Parnell looked down at his sweatshirt, jeans and loafers before coming back up to her. ‘You are joking, aren’t you – about it being important how we’re dressed?’

‘No.’

‘I think it’s funny, even if you don’t. Anything that stupid has got to be funny.’

‘I don’t think it’s funny.’

‘I’ll hide myself in the crowd,’ promised Parnell.

But he couldn’t. The seats were designated and his was in the second row, directly in front of an already emplaced podium on a higher dais. Behind the podium were seats for the parent-company directors and the chief executives from Dubette’s overseas divisions. Parnell was aware of the attention and the frowns of those around him as he edged along his reserved line to his assigned place.
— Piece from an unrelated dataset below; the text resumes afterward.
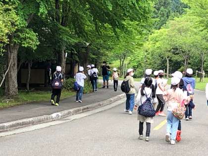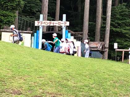 午後のプログラム、スコアオリエンテーリングです。グループで指定場所にある言葉や文字を集めて問題を解いていました。はぐれた友達を探したり、しんどくなった友達を気遣ったりするやさしい姿もたくさん見られました。何よりみんなの協力する姿勢が素敵です!

Parnell sensed the stir and rose with everyone else at the entry of the governing directors on to the raised area, led by Edward C. Grant. The president was a small, bull-chested man, the whiteness of his hair heightened by a deep tan. The man made his way across the stage with the confidence of someone who knew seas would part if he demanded it. He wore a dark blue suit that Parnell realized had been copied by virtually everyone surrounding him. Parnell’s sweatshirt was yellow and he accepted that he stood out like a beacon. Being 6'2" made him even more of a lighthouse among his smaller neighbours. When the president came to the podium for his keynote address, Parnell at once became Grant’s unremitting focus. Parnell stared back unperturbed. He’d heard of commercial companies ruled like medieval fiefdoms, but always imagined the stories exaggerated by those in pure research, to reassure themselves they were right to remain aloof in cosseted scientific academia.